Taufik menambahkan, momentum Idul Adha tidak hanya terkait ibadah kurban, tetapi juga memiliki nilai sosial dan kemanusiaan yang kuat.

Menurutnya, bulan Dzulhijjah menghadirkan dua momentum besar bagi umat Islam, yakni pelaksanaan ibadah haji dan semangat berbagi lewat penyembelihan hewan kurban.

“Ada dua momentum besar di bulan Dzulhijjah, yaitu ibadah haji yang saat ini memasuki fase wukuf di Arafah, dan momentum sosial kemanusiaan melalui penyembelihan hewan kurban,” ucapnya.

PWNU Jawa Timur juga masih membuka penerimaan hewan kurban hingga hari tasyrik atau tiga hari setelah Idul Adha.

Sedangkan untuk proses penyembelihan, lanjutnya, PWNU melibatkan tenaga profesional dari Juru Sembelih Halal (Juleha) agar memastikan proses penyembelihan berjalan sesuai syariat.

“Kami menggunakan tenaga Juleha supaya proses penyembelihan sesuai standar syariat dan berjalan dengan baik,” katanya.

Sementara itu, Ketua DPW Partai NasDem Provinsi Jawa Timur, Lita Machfud Arifin, menyampaikan bahwa tahun ini pihaknya menyalurkan sekitar 155 hewan kurban yang didistribusikan ke berbagai daerah di Jawa Timur.

Menurut Lita, ibadah kurban tidak hanya sekadar bentuk ritual keagamaan, melainkan juga simbol kepedulian sosial dan kemanusiaan yang dapat mempererat persaudaraan di tengah masyarakat.

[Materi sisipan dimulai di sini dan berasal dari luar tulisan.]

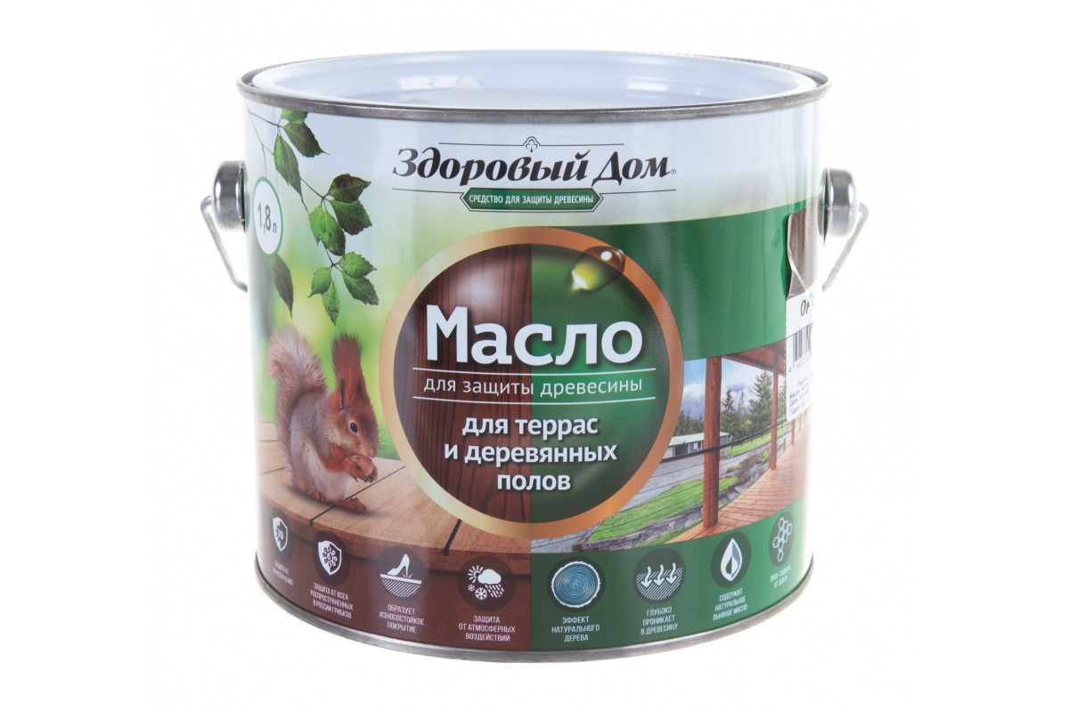 Масло для террас и деревянных полов Здоровый Дом Орех 1,8л
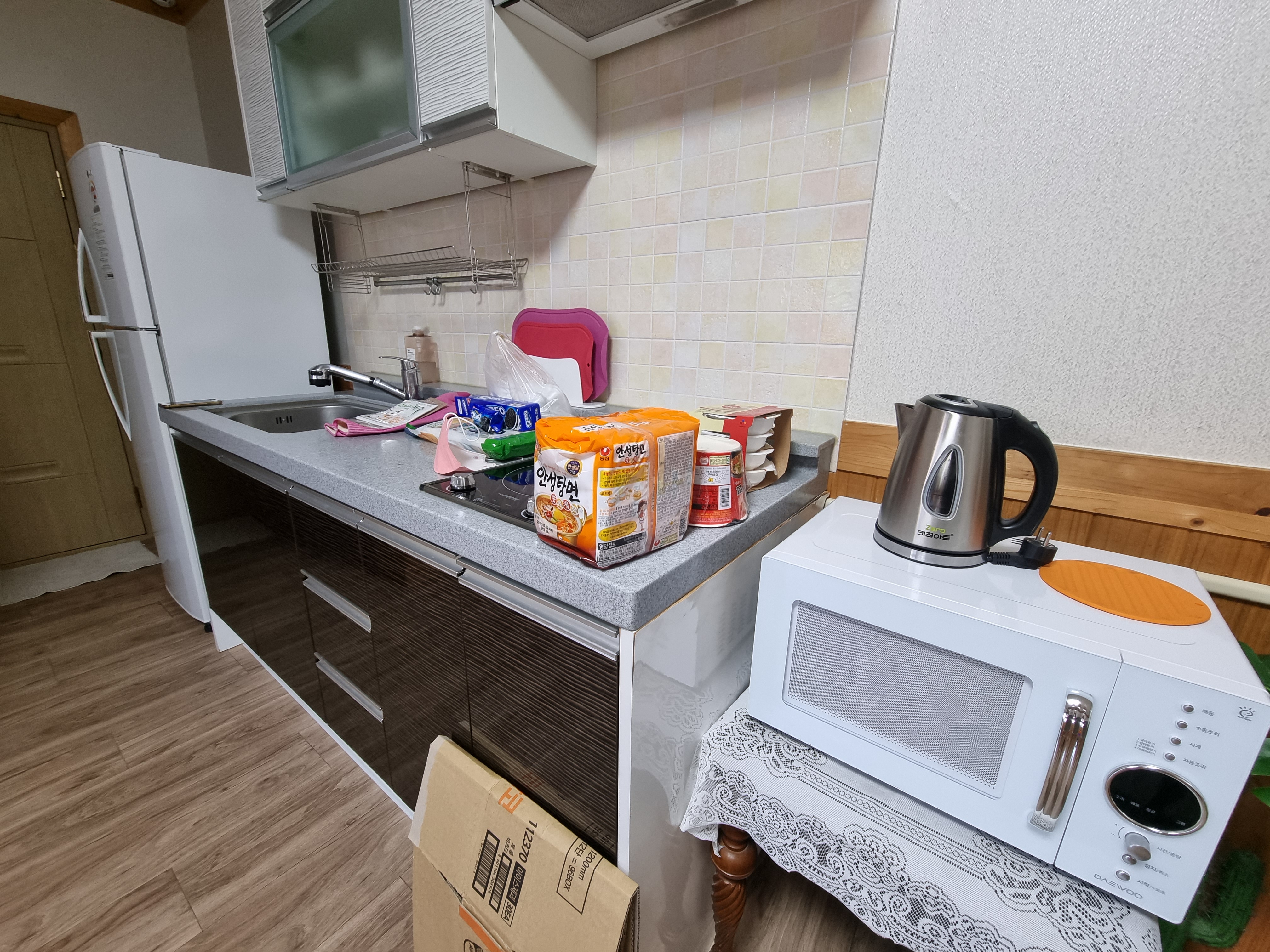 주방에 인덕션, 씽크대, 커피포트, 전자렌지
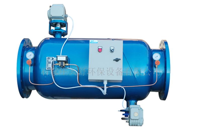 本过滤器主要由优质碳钢或不锈钢简体、特殊结构的不锈钢契形滤网、水流导向阀、差压控制器、电动控制箱及排污装置等所组成。当过滤器工作时,水流导向阀处于开启状态,水流由入口进入过滤器,经过滤网过滤后流入出口。本机采用压差控制、定位控制自动清洗滤网。当过滤器进出口差压达设定值或定时器达到预置时间时,电动控制箱发出信号,排污阀打开(水流导向阀处于开启状态),水流冲洗粘在滤网内壁上的杂志被进一步冲洗排出,当水流导向阀处于全关状态下,水流被迫从过滤器进口段网孔进入滤网外侧,大部分净液从出口流出,一部分净液又从滤网外侧进入滤网内部(因为系统会处于泄压状态,滤网内部压力小于外侧压力),从而对滤网进行反冲洗,特殊结构的不锈钢契形滤网使得在滤网内部产生了喷射效果,任何杂志都被从光滑的内壁上冲走。当过滤器进出口压差恢复正常或定时器设定时间结束后,电动排污阀关闭,水流导向阀开启。整个冲洗过程系统可正常工作,无需停机。
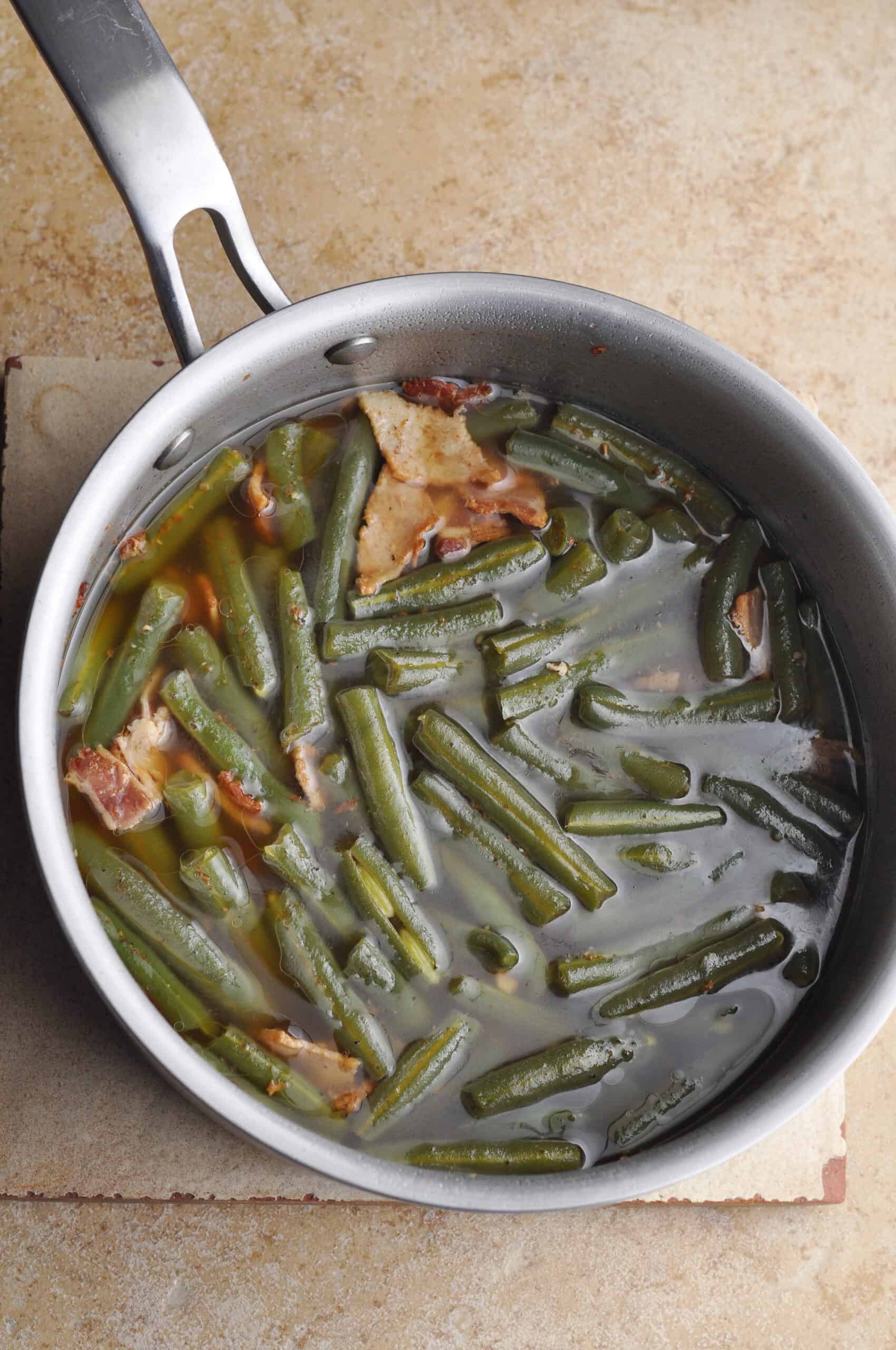 - Canned green beans: If you don't have access to fresh beans, you can substitute for canned. Just make sure to drain the canned beans before adding to the pan. The cook time will be much shorter if using canned - about 15-20 minutes simmered.
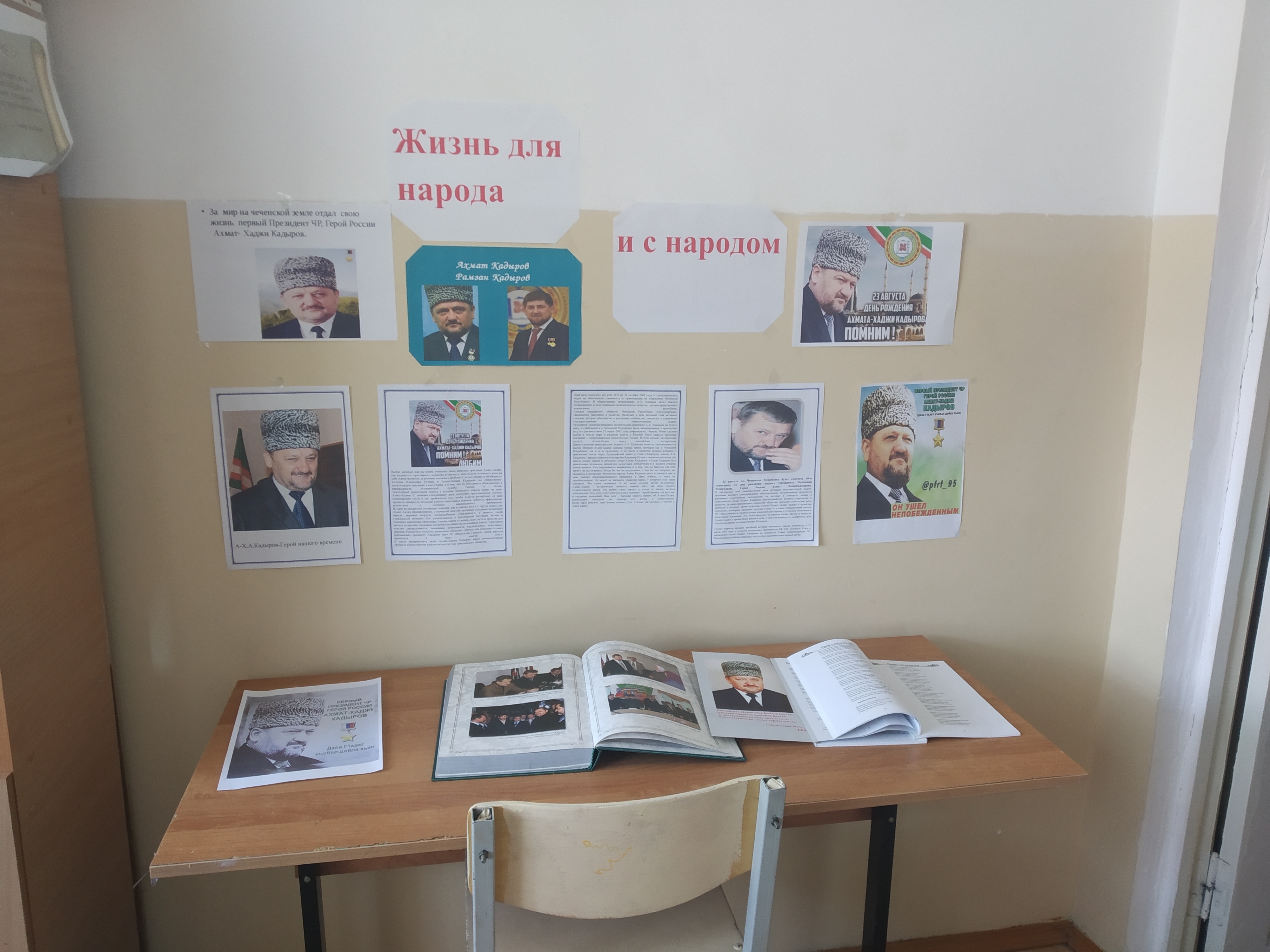 Сцелью проинформировать читателей о жизни первого Президента ЧР, Героя России А-Х.А. Кадырова, создать в них чувство гордости за таких великих людей, развить патриотизм и героизм в МБОУ «Червленно-Узловская СОШ» 10 августа 2019 года библиотекарем школы Абдулаева Э.М. былаорганизовала книжная выставка, посвященная 68-й годовщине со дня рождения Первого Президента ЧР, Героя России Амата-Хаджи Кадырова. На выставке были представлены все книги с фонда библиотеки, связанные с жизнеописанием президента, также его фотографии, фотографии его друзей.
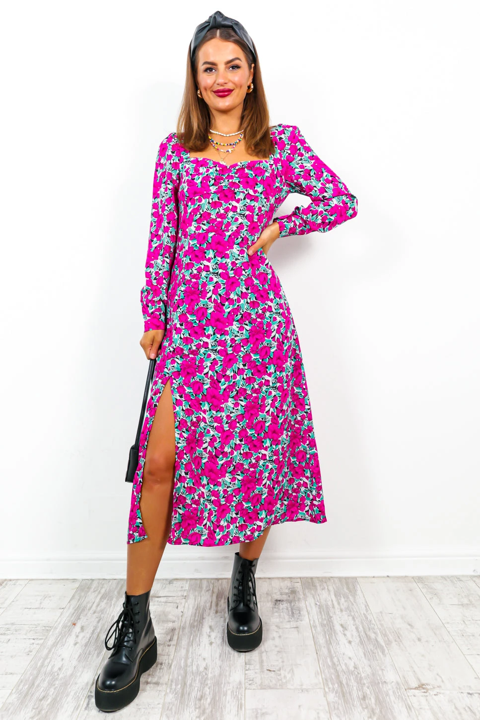 It’s always a good time for florals – so live life in full bloom, Doll! In magenta and green, this botanical number steals the show. With a milkmaid style neckline and a leg split to add a little sass, this is the perfect midi dress to see you through brunch! Add a matching magenta lip and an oversized leather jacket for a trendy cool girl look that will have them asking for the details.
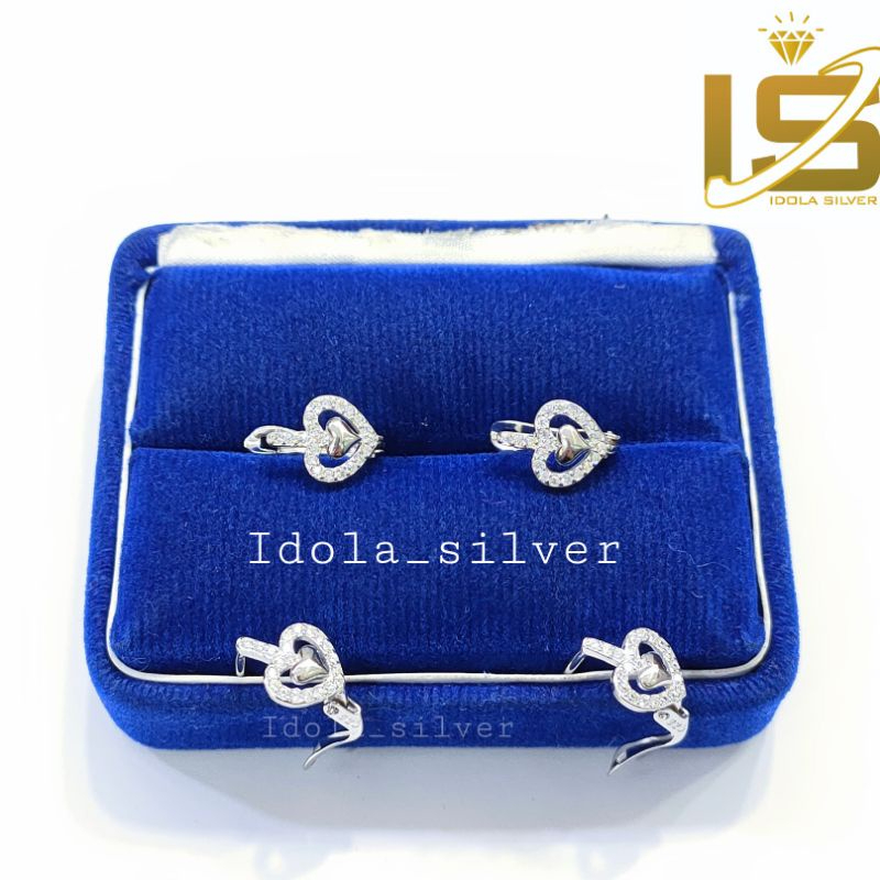 ANTINGG PERAK ASLI SILVER 925 LAPIS EMS MODEL JEPIT LOVE PERMATA - PERHIASAN PERAK WANITA
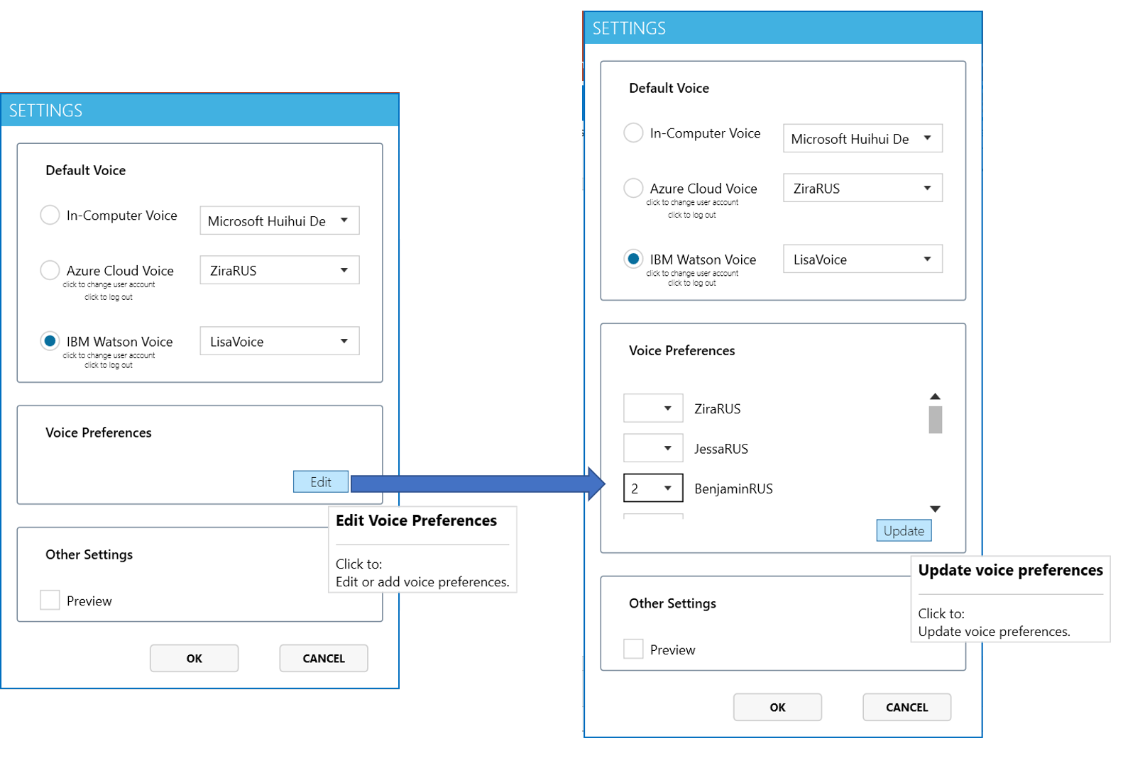 You can also select and rank up to 5 preferred voices (reason: preferred voices are easier to preview when trying to select a voice for an explanation). To set preferred voices, click on the Edit
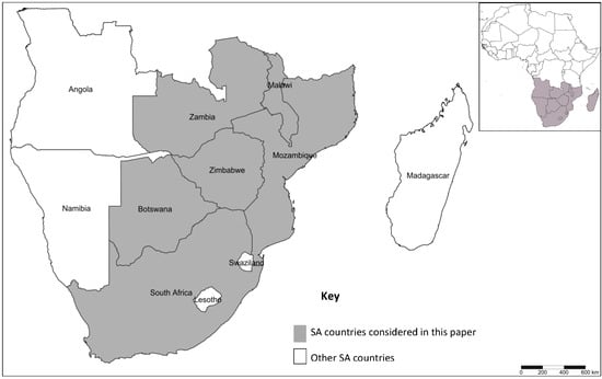 Countries in the Southern African region where DBM research has been conducted. This region appears in the high eco-climatic index of the world, where DBM persistence is year round and high [18]. * Namibia and Angola have very limited accessible research information on DBM, hence they were omitted from the map.
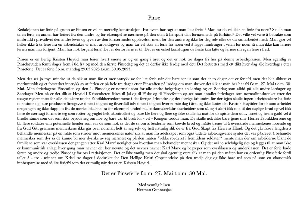 Publiser mai 26, 2023 av nettstedet hermangunnarsjaa.com Pinseferie! (C) hermangunnarsjaa.com og Herman Gunnarsjaa
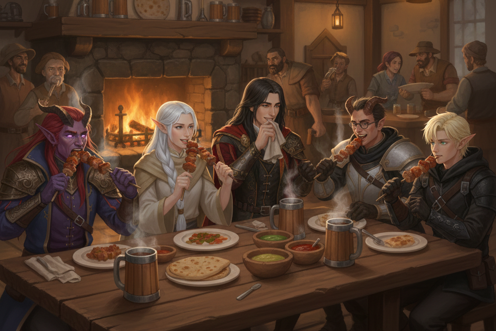 Im warmen Licht des Gasthauses Steinhügel stärkten sich die Helden mit würzigem Kebab, während zwischen Bissen und Gelächter erste Geschichten und Pläne geschmiedet wurden.
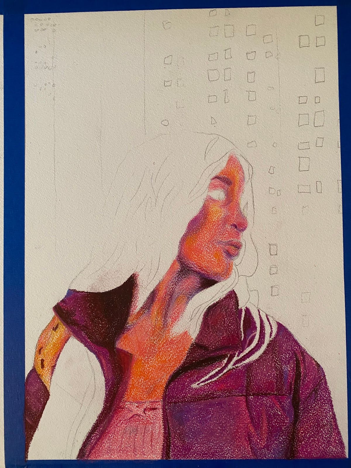 I am in the middle of drawing my piece with colored pencils - I need to finish the hair and a bit of the jacket and the eye. I am planning on painting the background but I am not 100% sure yet. The background is going to be a black/dark city scene.

“Kami meyakini bahwa kurban bukan hanya tentang ibadah, tetapi juga bentuk kepedulian kemanusiaan untuk mempererat persaudaraan dan menghadirkan manfaat bagi masyarakat,” ujar Lita.

Ia menegaskan pentingnya menjaga sinergi antara organisasi masyarakat, elemen kebangsaan, serta seluruh komponen umat guna memperkuat solidaritas sosial di tengah masyarakat.

Lita berharap hewan kurban yang disalurkan DPW Partai NasDem Jawa Timur bisa memberikan manfaat bagi masyarakat luas sekaligus menjadi wujud nyata semangat gotong royong kader partai di berbagai daerah di Jawa Timur.